These days, public schools are facing great disparities in funding, and teachers and students continue to struggle with high-stakes testing. In some places, teachers face these realities with the awareness that their salaries could be reduced or eliminated. It is complex and deeply challenging.
In the midst of all of this, however, there is a story of educational success that you need to know. In fact, the nation needs to know this story, because it could change the ways we design curriculum, evaluate student learning, and empower our students to affect change in their own communities.
This has all taken place in Ypsilanti, Michigan.
Susan Santone is the Founder and Executive Director of Creative Change Educational Solutions. She and her excellent team of fellow consultants work with educators in public schools. They help teachers and administrators restructure their curriculum so that students gain academic mastery while they learn about human needs on local and global levels.
On their website, Susan Santone addresses an educational dilemma in this way:
“What do you do if you’re a teacher, and everything you’re passionate about is largely absent from the curriculum?
“This is the dilemma I faced more than 20 years ago when I was teaching in the public schools. I was immersing myself in learning about global issues such as hunger and human rights, and desperately searching for a way to bring these issues into education. I envisioned classrooms as places where students learned to solve the problems affecting their futures and communities. To bring this about, I founded Creative Change in 2002 built on the values of equity, democratic education, sustainability, and research-based practices. Since then, our mission has been to help educators with curriculum transformation for better schools, more impassioned teachers, and fully engaged students.”
So let’s hear the success stories from Ypsilanti Public Schools in her own words. Susan Santone recently gave a Tedx talk about them:
In her Tedx talk, Susan Santone describes the ways that Creative Change Educational Solutions helped teachers redesign an ancient civilizations course for middle school students. “What could be less relevant to a seventh grader than the aqueducts of Rome?” she asks.
To transform their learning, teachers turned stories of the past into lessons about the future of Ypsilanti. Along with their students, they pondered which conditions and practices of the ancient past led to the rise and fall of civilizations.
While learning this material, students turned their attention to local and global questions of sustainability, and as a culminating event for the class, students organized their own Community Sustainability Summit which was attended by the mayor of Ypsilanti, township supervisors, and leaders from public health and public safety. Students learned academic material and created change in their own communities. The academic scores on their pre- and post-test rose by 40%.
Susan Santone says that their second project had even more remarkable results.
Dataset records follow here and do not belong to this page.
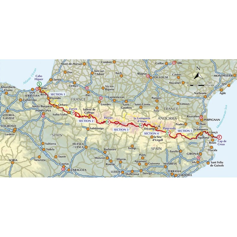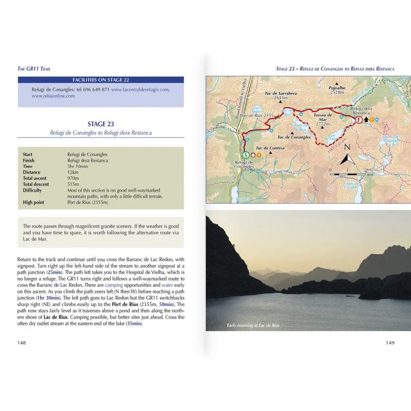 The GR11 is one of the long-distance trails which crosses the whole Pyrenees, staying on the Spanish side of the border. It is presented here in 47 stages of 7-31km (5-19 miles), four sections are given to allow the route to be broken into shorter treks.
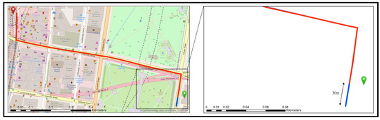 Figure 13. An example of the starting/ending edge problem (blue line: OSM, red line: Google Maps, black line: starting edge of the route, green/red placemark: origin/destination). - Utilized routing algorithmAlthough both web mapping services use Dijkstra’s algorithm to calculate the shortest path between points A and B, the OSRM’s algorithm is a modified version of Dijkstra, namely, “MultiLevel Dijkstra (MLD)”, which works on the overlay graph (i.e., an approximation of the original graph with a reduced complexity) produced by a partitioning step. This could result in negligible differences in the lengths of the calculated routes.
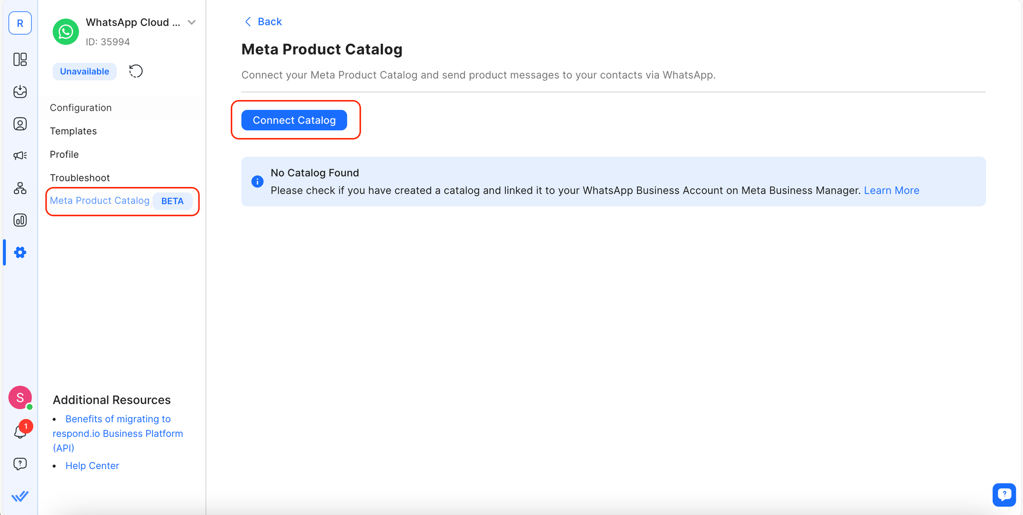 Jika token Anda telah kedaluwarsa, harap segarkan token katalog Anda di Saluran WhatsApp Business Anda di respond.io. Anda dapat melakukan ini dengan melepaskannya lalu menyambungkannya kembali.
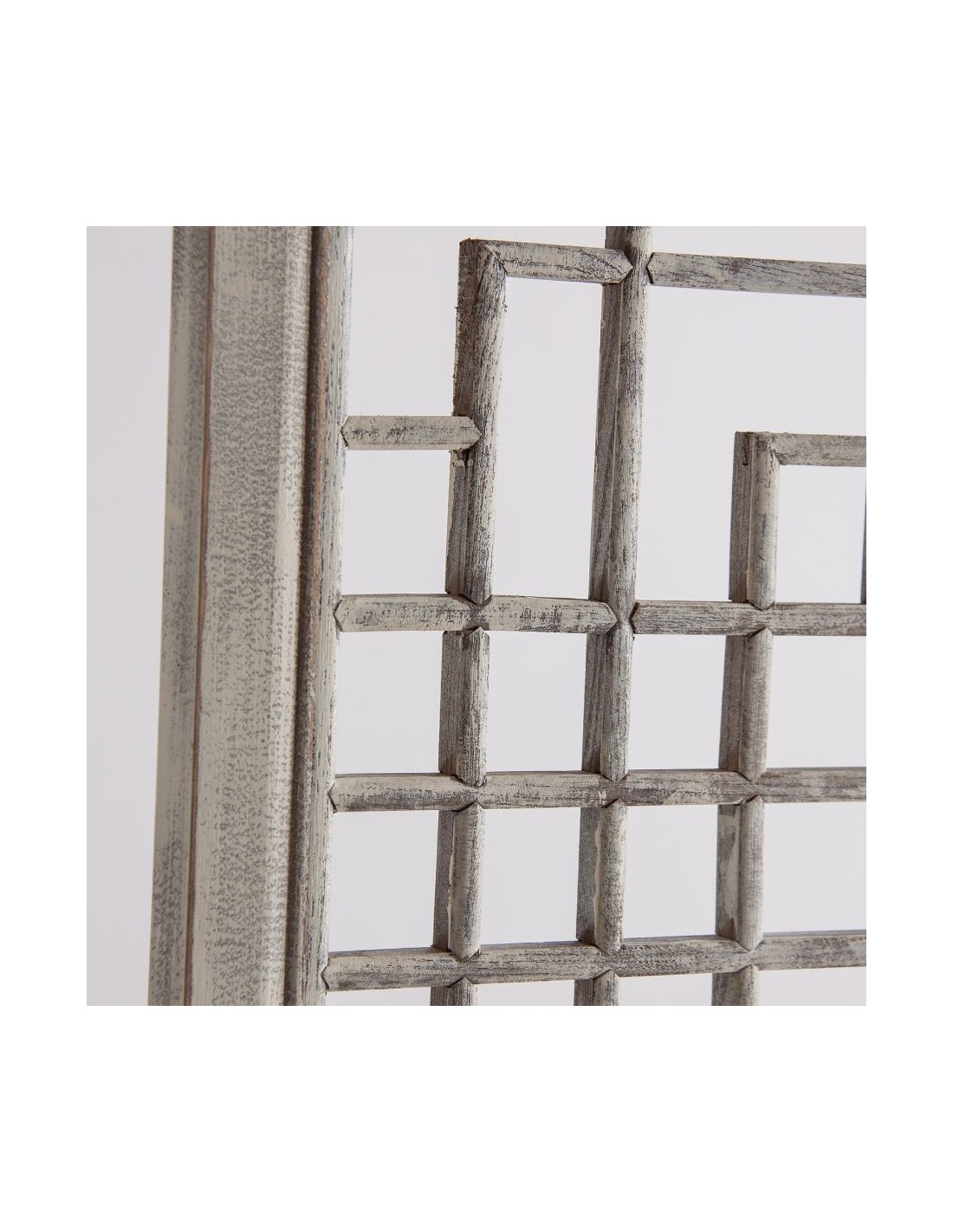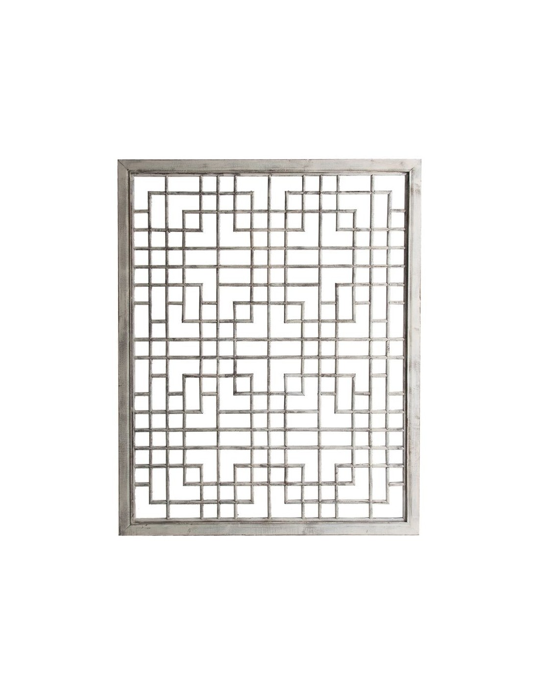Panel Decorativo Sundu, En Color Blanco Decapado, De Estilo Oriental. Fabricado En Madera De Olmo.
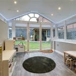 Dimensions: 2.6m x 2.9m. With a fully insulated pitched roof with inset ceiling spotlights, bi-folding doors allowing access to the garden with further side uPVC double glazed windows and attractive oak style vinyl flooring.

She and her team helped teachers redesign their U.S. History course so that students could delve into the studies of institutional discrimination, racism, and the struggle for equality. Students began to wonder why Ypsilanti’s population is 30% African-American, but the makeup of Ypsilanti Public Schools is 70% African-American. This opened up opportunities for students and teachers to analyze segregation, white flight, and the U.S. policies of the past and present which have enabled these trends.
The academic results were astounding. Scores of a rigorous pre- and post-test rose by 95%. Students became engaged in their studies, and they began to create connections between their curriculum, opportunities for change, and their own leadership.
It is clear that Creative Change Educational Solutions has much to teach us.